Presiden Republik Indonesia Prabowo Subianto menyatakan komitmennya untuk mendukung langkah-langkah menuju APBN tanpa defisit dalam pidato pada Penyampaian Rancangan APBN Tahun Anggaran 2026 di Kompleks Parlemen. Di dalam rancangan APBN tersebut, belanja negara dialokasikan sebesar Rp 3.786,5 triliun dengan target pendapatan negara sebesar Rp 3.147,7 triliun, dan defisit anggaran sebesar Rp 638,8 triliun atau 2,48% dari PDB akan didukung oleh pembiayaan yang pruden, inovatif, dan berkelanjutan.
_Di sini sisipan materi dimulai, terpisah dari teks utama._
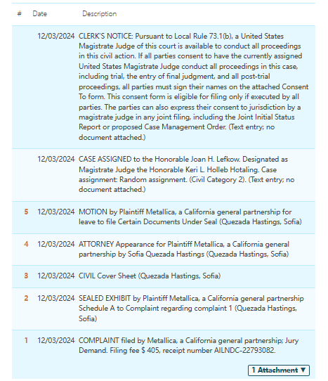 原告是一支来自美国加利福尼亚州。的传奇重金属乐队,成立于 1981 年,他们以高速、激烈的演奏风格和深刻的歌词闻名,是重金属音乐界的开创者之一,也是“Thrash Metal Big Four”(激流金属四巨头)之一。单曲《Enter Sandman》成为全球范围内的标志性作品。截至今日,已售出超过 1.25 亿张专辑,赢得包括格莱美奖在内的众多音乐荣誉。他们不仅是音乐界的顶尖艺术家,也是文化符号,影响了几代重金属音乐爱好者。
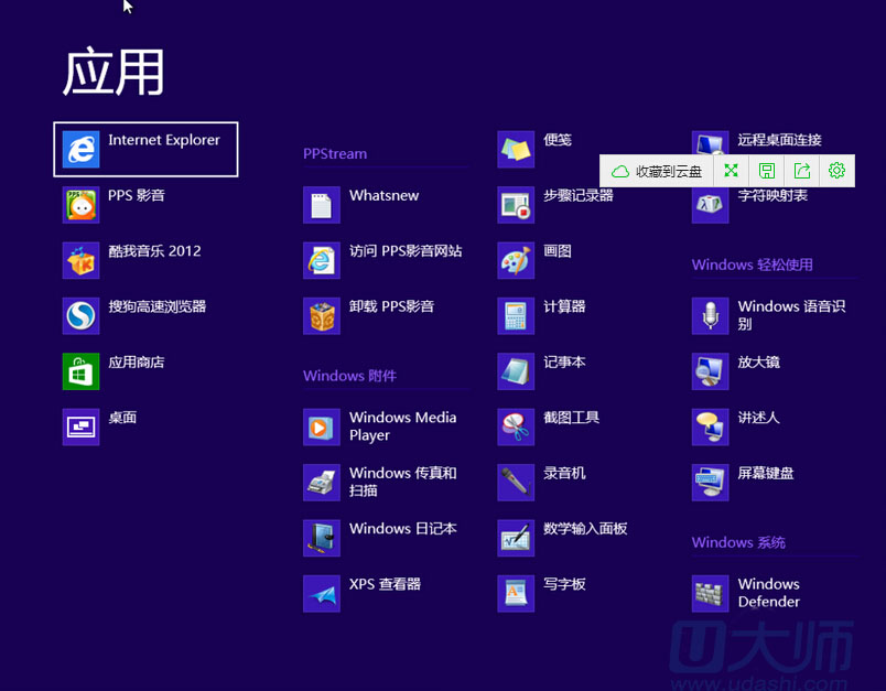 2.在metro界面就可以进行以往在开始菜单的操作了:

Prabowo menegaskan pentingnya keberanian dan tekad untuk mengurangi kebocoran anggaran serta meminta dukungan dari seluruh kekuatan politik di Indonesia. Sebagai langkah selanjutnya, Presiden menekankan pengembangan pembiayaan kreatif dan inovatif agar pembangunan tidak hanya mengandalkan APBN. APBN harus dapat merespons guncangan global dengan fleksibilitas dan dipertahankan agar tetap sehat dan kredibel dengan optimalisasi pendapatan, peningkatan kualitas belanja, dan inovasi dalam pembiayaan.
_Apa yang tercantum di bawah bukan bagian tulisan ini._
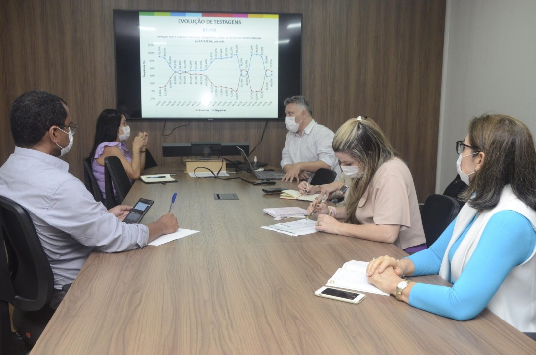 O Grupo Técnico (GT) da sala de situação da Covid-19, da Secretaria de Estado da Saúde (Sesau), voltou a se reunir na terça-feira (26), para a análise dos dados sobre o novo coronavírus em Alagoas. São levados em consideração os números de casos, hospitalizações e óbitos no Estado. O panorama discutido semanalmente pelo GT é essencial para a tomada de decisão da gestão em saúde pública.

Penerimaan perpajakan akan ditingkatkan sambil melindungi iklim investasi dan keberlanjutan dunia usaha, sedangkan insentif fiskal diberikan secara strategis untuk mendukung aktivitas ekonomi yang dianggap penting. Pengelolaan sumber daya alam juga akan diperkuat untuk meningkatkan kemakmuran rakyat dan setiap aset negara akan dikelola secara efisien dan produktif untuk memberikan kontribusi positif bagi kesejahteraan rakyat.